|Reviews for A Real Live Fairy Tale|
| Queen of the Dragons chapter 3 . 2/5/2005
i was right... lily is such a b-! Can u get her killed please?
| Queen of the Dragons chapter 2 . 2/5/2005
lily is being really annoying. I wonder what she tells alfred? in this case, i feel really sorry for Ella, i mean, its like her whole life is the way she wants it, then someone gets the wrong idea and starts screwing it up. anyway, good stuff.
| Listener chapter 7 . 11/25/2004
I love this tale! it has a wonderfully creative twist to it. With all the brainwashing Cinderella stories I always expect the stepsisters to be mean and it's driving me nuts! The characters are well described in personality, i just love it! :)
| Aspiring Author chapter 1 . 11/21/2004
added to fav story list!
| Aspiring Author chapter 7 . 11/21/2004
Yay you updated! Nice job on the long-short chapter! I can't wait for the next chapter! Suggestions: Make Henry attack Lily! Make Alfred a turncoat and have HIM attack Lily! Make the guards attack Lily!
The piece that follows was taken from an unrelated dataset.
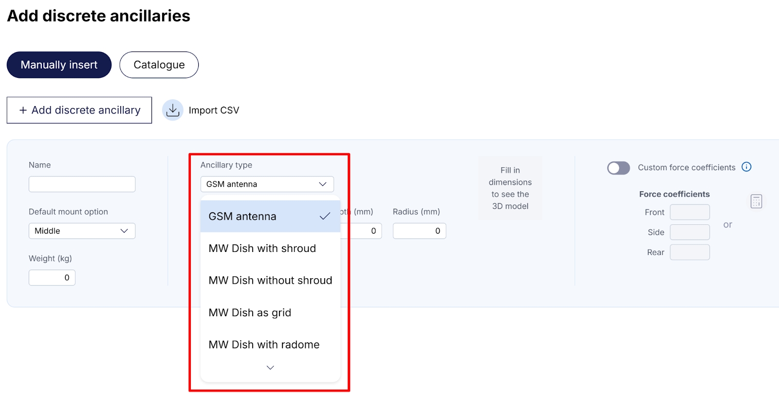 user input - specify directly the force coefficients for Front, Side and Rear of the ancillary

Make everyone in the town attach Lily! ...see a pattern here?
~Aspiring Author (henceforth known as AsA)
| Ancamna chapter 6 . 11/19/2004
Gee, and I was getting so happy with no typos.
End of section 1: the last sentence is indented - I assume it's a typo b/c i can't figure out why it should be.
2nd sentence 2nd section: The sentence seems a bit long, or something. It's just sort of awkward. Maybe if you change the second comma to a diff type of puctuation, like a semi-colon...
3rd sentence: I tried typing the sentence a few ways and i like this one best: 'Ella was furious – not at Alfred, but at Lily'.
Ella's last two sentences: they should be on the next line.
I really like this story! I like how it's a mix-up of cinderella. And Lily is so mean! Just a tidbit: Ella means goddess in Hebrew. _
| Ancamna chapter 4 . 11/19/2004
6th paragraph from the bottom: you said earlier that Ella huried down the steps, not strolled.
3rd from bottom: him at her side, not her at her side.
the end of ch. 5 is cute!
| Pont chapter 7 . 11/16/2004
I love this! Lily is so evil _ This is an awesome parody. I haven't read anything this amusing in a LONG while.
Go Henry! :P
| Pont chapter 1 . 11/16/2004
XD Ella sounds like me. I can totally relate with her character. Great job, a good background setting for a promising story! Keep up the good work!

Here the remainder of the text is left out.